GRAFF is a deep RL dexterous robotic grasping policy that uses visual affordance priors learnt from humans for functional grasping. Our proposed model, called GRAFF for Grasp-Affordances, consists of two stages. First, we train a network to predict affordance regions from static images. Second, we train a dynamic grasping policy using the learned affordances. The key upshots of our approach are better grasping, faster learning, and generalization to successfully grasp objects unseen during policy training.
- Download MuJoCo v2.0 binaries from the official website: https://www.roboti.us/download.html.
- Download the activation key from here: https://www.roboti.us/license.html
- Unzip the downloaded mujoco200 directory into ~/.mujoco/mujoco200, and copy the license key (mjkey.txt) to ~/.mujoco/mjkey.txt. Note that unzip of the MuJoCo binaries will generate mujoco200_linux. You need to rename the directory and place it at ~/.mujoco/mujoco200.
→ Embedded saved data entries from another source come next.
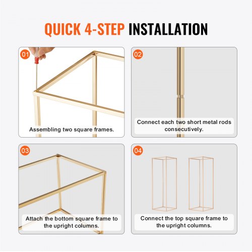 Enkel montering: Montering av detta bröllopsblomstställ är enkelt och kräver inga verktyg. Följ bara dessa 4 steg: Steg 1: Börja med att installera de två fyrkantiga ramarna. Steg 2: Sätt ihop de två mindre metallstavarna en efter en. Steg 3: Anslut den nedre kvadratiska ramen till kolumnerna. Steg 4: Anslut den övre fyrkantiga ramen till kolumnerna. Du kan slutföra monteringen på bara några minuter.
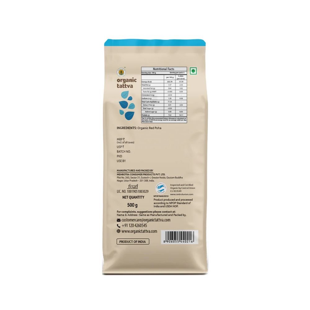 Organic red poha 500 gm is suitable for regular use at home. It is a quick meal option for both adults and children.
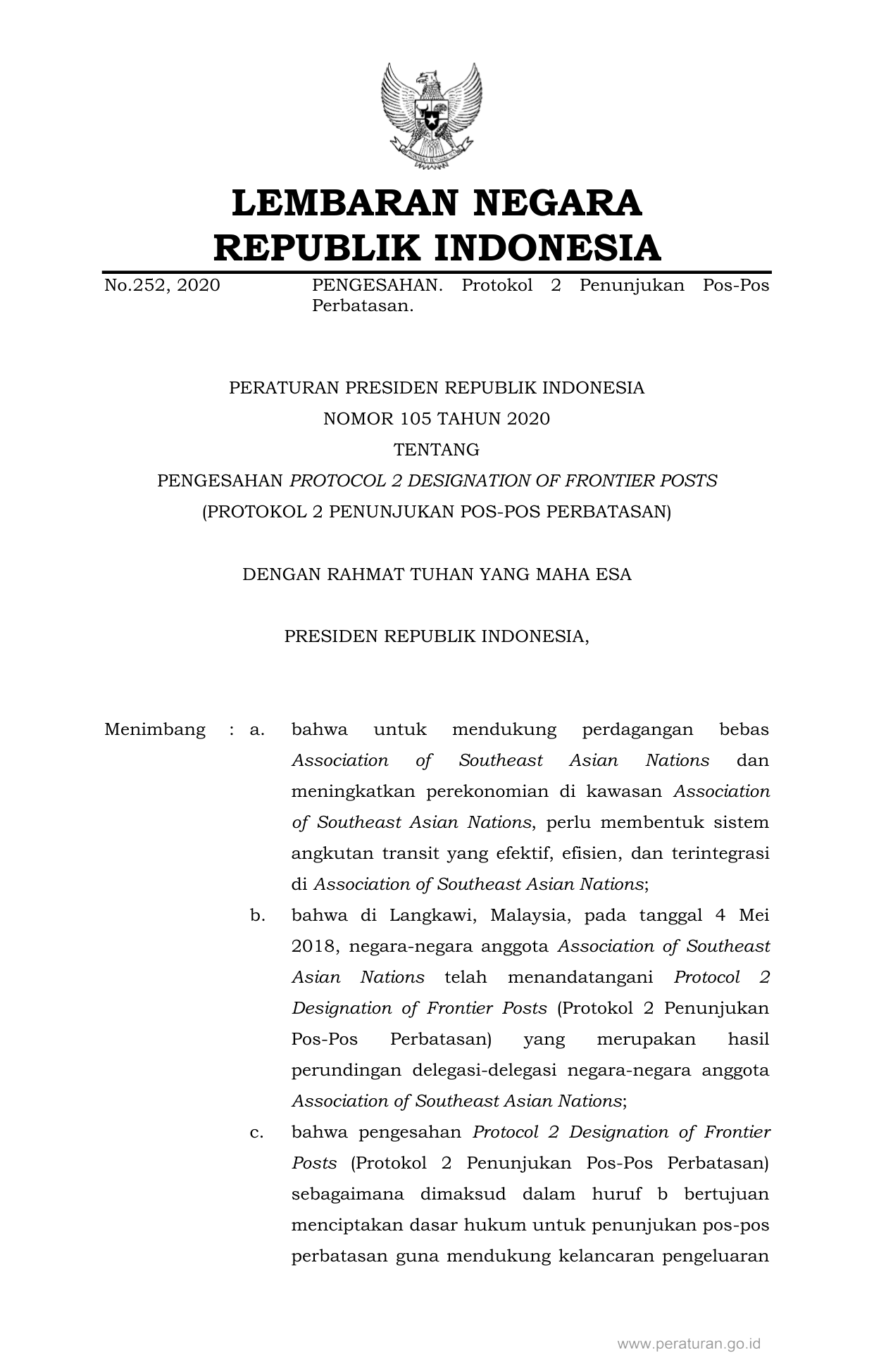 PERPRES Nomor 105 Tahun 2020 | Peraturan Presiden Nomor 105 Tahun 2020 tentang PENGESAHAN PROTOCOL 2 DESIGNATION OF FRONTIER POSTS (PROTOKOL 2 PENUNJUKAN POS-POS PERBATASAN)
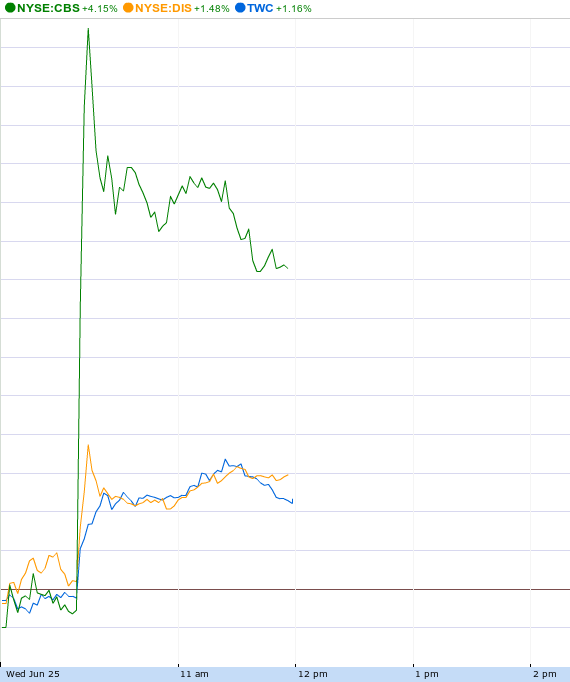 As you might have expected, broadcasters and content producers soared in unison on the SCOTUS decision. Burning the production/distribution candle at both ends, CBS (CBS +0.00%) gained as much as 8.3% on the news. You've already seen how content producer Disney maxed out at 1.9%, while broadcasting specialist Time Warner Cable (NYSE: TWC) rose as much as 1.7%. See if you can spot the exact time of the SCOTUS decision in this chart:

- You may need to update bashrc by adding the following lines and source it:
export LD_LIBRARY_PATH=$LD_LIBRARY_PATH:<path/to/.mujoco>/mujoco200/bin/
Clone the baselines repo in another folder outside graff/
. Baselines repo: https://github.com/priyankamandikal/baselines_graff
git clone [email protected]:priyankamandikal/baselines_graff.git
- Create a conda environment called 'graff':
conda create -n graff python=3.10
conda activate graff
- Install packages:
conda install -c menpo glew
conda install pytorch torchvision pytorch-cuda=11.7 -c pytorch -c nvidia
conda install tensorflow
conda install -c conda-forge matplotlib
conda install -c conda-forge moviepy
conda install -c conda-forge opencv
conda install -c conda-forge seaborn
conda install -c conda-forge quaternion
pip install open3d trimesh numba pyquaternion nvidia-ml-py3
conda install -c anaconda scikit-image
Note: It is important to install opencv after moviepy so that you don’t run into ffmpeg issues
- Install mujocopy
conda install patchelf
pip install mujoco_py==2.0.2.13
If you face cython errors during mujocopy installation, you might want to try the following:
pip install "cython<3"
pip install lockfile glfw
pip install mujoco_py==2.0.2.5
If using GPU, after successful installation, do this:
Open file <path-to-conda-env>/graff/lib/python3.10/site-packages/mujoco_py/builder.py
.
In function load_cython_ext()
, change line 74:
From:
else:
builder = LinuxCPUExtensionBuilder
To:
else:
builder = LinuxGPUExtensionBuilder
- Install baselines:
cd <path-to-baselines-repo>/baselines
pip install -e .
Make sure that you are able to import the following packages in python without any errors
import torch
import mujoco_py
import baselines
We train and validate our grasping policy on 16 objects from the ContactDB dataset. We port the object meshes into Mujoco and convexify them using VHACD. The convexified meshes are present in envs/resources/meshes/contactdb/vhacd
.
- Render ContactDB meshes to generate images for training and testing the affordance model
python affordance-pred/render_contactdb_data.py --obj apple cup cell_phone door_knob flashlight hammer knife light_bulb mouse mug pan scissors stapler teapot toothbrush toothpaste
- Train the visual affordance model on ContactDB
python affordance-pred/train.py
- To train the graff model, run:
bash scripts/train/graff.sh
Note that this code trains on the 3D affordance points directly extracted from ContactDB. To use the visual affordances, render the predicted 2d affordance map into 3D using the depth map, save the 20 maximally diverse keypoints on the object and train the model using the predicted points.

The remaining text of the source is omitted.